Today was our last full day in Paris, and I think we certainly made it all count. We saw the famous catacombs, then had some “lighter” entertainment at the famous Impressionist museum, the Orsay, and, apparently not being tired of museums yet, we then headed to the Louvre to tour the last of the three main branches. Along the way, we also saw a Parisian carnival, and caught dinner at Montmartre, the artists’ hill above the city. It was quite a full, and enjoyable, last day! For all the pictures, see the galleries here and here, but you can read on for all the juicy details!
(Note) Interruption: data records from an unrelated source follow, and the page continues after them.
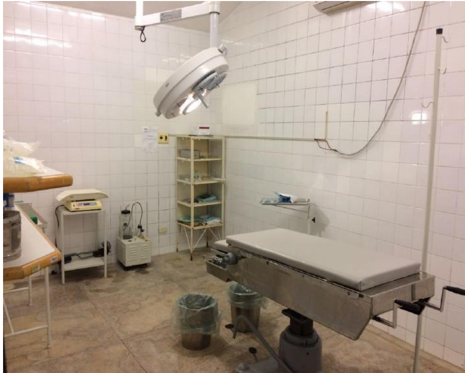
Sala de parto.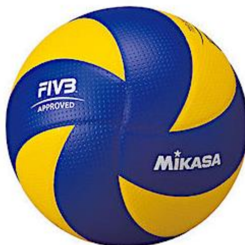
Slika 3. Odbojkaška lopta (MV200)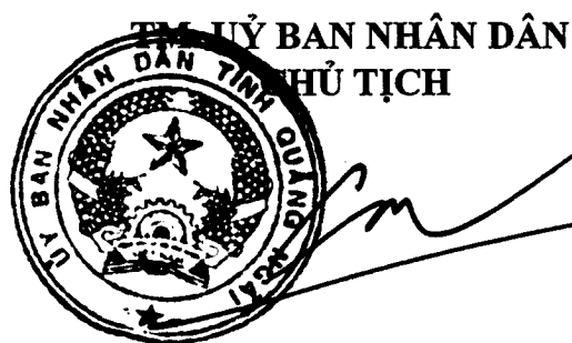
Trần Ngọc Căng

3. Các đơn vị trong mạng thông tin của Ủy ban nhân dân tỉnh phải thực hiện chế độ trao đổi thông tin qua mạng tin học diện rộng của Ủy ban nhân dân tỉnh theo quy định; thường xuyên theo dõi thông tin trên mạng tin học để kịp thời nhận văn bản chỉ đạo điều hành và các thông tin do Ủy ban nhân dân tỉnh gửi để quán triệt và thực hiện./.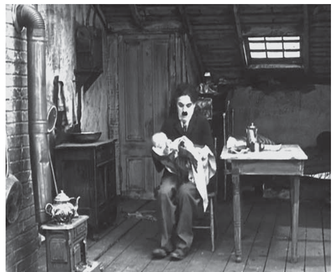
A la izquierda, imagen 13. Intolerancia . A la derecha, imagen 14. El chico ( The Kid ) (Charles Chaplin, 1921)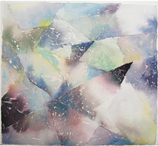
Galaxy, 2019 watercolor, 30x40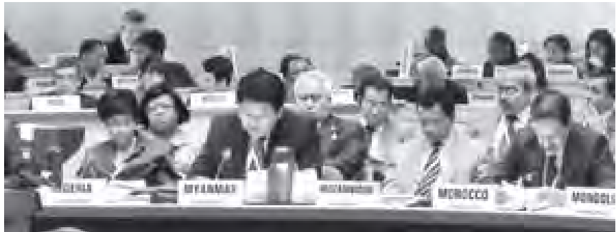
ကျန်းမာရေး ဝန်ကြီးဌာန ပြည်ထောင်စုဝန်ကြီး ဒေါက်တာမောင်ခင် ကျန်းမာရေးအဖွဲ့၏ အမှုဆောင်ဘုတ်အဖွဲ့ အထူးအစည်းအဝေးသို့ တက်ရောက်စဉ်။ (သတင်းစဉ်)

လက်ထောက်ဆရာဝန်များပါဝင်သည့် ၂၂ ဦးပါဝင်သော ကလေးအထူးကုဆရာဝန်များအဖွဲ့၊ ပါမောက္ခ ဒေါက်တာထွန်းဟင် ပါမောက္ခ ဒေါက်တာစောဝင်းခေါင်းဆောင်သော အထူးကြပ်မတ်ကုသရေးအဖွဲ့၊ ပါမောက္ခ ဒေါက်တာနောင်ဦးဆောင်၍ ဆရာဝန်ကြီး ငါးဦးပါဝင်သော ရောဂါရှာဖွေရေးအဖွဲ့၊ ဆေးရုံအုပ်ကြီး ဒေါက်တာအောင်ကြည်ဝင်းခေါင်းဆောင်သော စီမံခန့်ခွဲရေးနှင့် ပြန်ကြားရေးအဖွဲ့တို့က ပါဝင်ကူညီဆောင်ရွက်ခဲ့ကြသည်။ မအင်ကြင်းခိုင်နှင့် မအင်ကြင်းလှိုင် ရင်ချင်းဆက်အမြှာခွဲစိတ်ကုသမှုကို နံနက် ၆ နာရီ မိနစ် ၅၀ တွင် စတင်ပြင်ဆင်ခဲ့ပြီး နံနက် ၉ နာရီ ၁၀ မိနစ်တွင် ပါမောက္ခ ဒေါက်တာထွန်းဟင်က ရင်ချင်းဆက်အမြှာ ညီအစ်မကို စတင်ခွဲစိတ်ပေးခဲ့ရာ နံနက် ၁၀ နာရီ ၁၀ မိနစ်တွင် သီးခြားစီ ခွဲထုတ်နိုင်ခဲ့သည်။ ဆက်လက်၍ ခွဲစိတ်ပြီးအမြှာညီအစ်မကို အဖွဲ့များခွဲကာ ရင်ချင်းဆက်ခွဲစိတ်ပြီး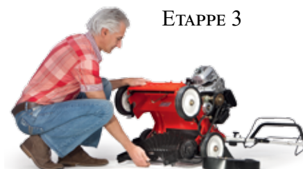
Fenêtre d'outil de retirer

La meilleure méthode pour une belle pelouse verte. Chaque printemps en automne requièrent une attention particulière. En plus de tondre la pelouse, il est également important de déchaumer régulièrement. Un scarificateur Tielbürger est l'outil idéal. Particuliers et professionnels apprécieront la performance excellente de nos gammes.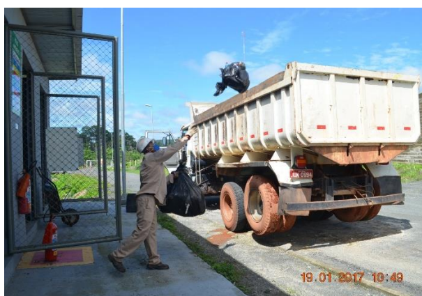
Imagem 3.3.27-5: Coleta de resíduos realizada no mês de janeiro de 2017

We started the day off early so we could beat the rush to one of the “attractions” in Paris that Andrew had been dying to share with me — the catacombs. The Paris catacombs are basically underground tunnels filled with the anonymous bones of some six million Parisians. They were started in 1786 when Paris citizens decided to get rid of all their cemeteries, since they were taking up much space and raising sanitation concerns, and move all of the bones into an ossuary. Conveniently, miles of underground tunnels for out of commission limestone quarries were just outside of the city — this is where all the bones were transported to. This undertaking took decades. Carts of bones were accompanied by priests, and, when all the bones from a church were laid to rest in the ossuary (forming piles of bones five feet high and often 80 feet back!), a plaque was left indicating which church/cemetery all the anonymous bones were originally from.

We arrived at the entrance to the catacombs about half an hour before they opened, but there was already a line! We waited, and the line grew much larger behind us before the catacombs finally opened. They only let so many people in at once so it’s not too crowded in the limited space (I wish places like Disneyland would learn from such practices).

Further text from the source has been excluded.